Running head: Stigma Surrounding mental illness 1

Stigma Surrounding Mental Illness

Blake W. Dean

Dalton State College

Page 2: Stigmatic Mental Illness

Stigma Surrounding mental illness 2

Stigma Surrounding Mental Illness

Mental illness is an issue surrounded with stigmatic behaviors and attitudes. Whether

promoted through media, entertainment or personal prejudices, these stigmas greatly impact

those suffering with mental illness by adding to the already present symptoms. To reduce

stigmatic behaviors, it is important to understand what stigmas exist and try to identify them in

the context of the individual’s life. There are two different kinds of stigma, self and societal.

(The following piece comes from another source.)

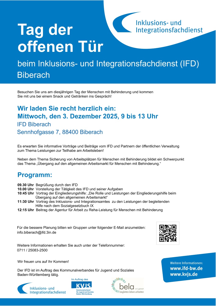 Die Einheitliche Ansprechstelle für Arbeitgeber (EAA) für den Landkreis Biberach ist beim Inklusions- und Integrationsfachdienst in der Sennhofgasse 7 in Biberach angesiedelt. Zu erreichen ist die EAA unter Telefon 0711 / 25083 2500 bzw. per E-Mail an info.biberach@ifd.3in.de. Nähere Informationen zum Thema finden sich auch unter https://www.ifd-bw.de

Both of these types of stigma have similar effects on the self-esteem and self-image of a mentally

ill person. Sometimes these stigmatic perceptions of mental illness have no factual base but

simply exist because of what is shown through popular culture. Being educated in what is true

and what is false about mental illness is the key to identifying stigma and how to reduce it.

Impact of Stigma on the Mentally Ill

Often times when popular culture, the media or individuals make degrading comments or

add to the negative opinion and uniformed view of the mentally ill, the people suffering because

of them are left out of the equation. The impact that stigma has on the mentally is sometimes

insurmountable. As Patrick Corrigan (2002) says, the impact is “twofold”. Public and self

stigma both play dramatic roles in the lives of people suffering from mental illness. Corrigan

defines public stigma as “the reaction that the general population has to people with mental

illness. He defines self-stigma as, “the prejudice which people with mental illness turn against

themselves” (“Understanding the impact”, para. 2). Adding to the already present symptoms

and struggles of their illness with insecurity and prejudices only has negative consequences for

the person with the illness.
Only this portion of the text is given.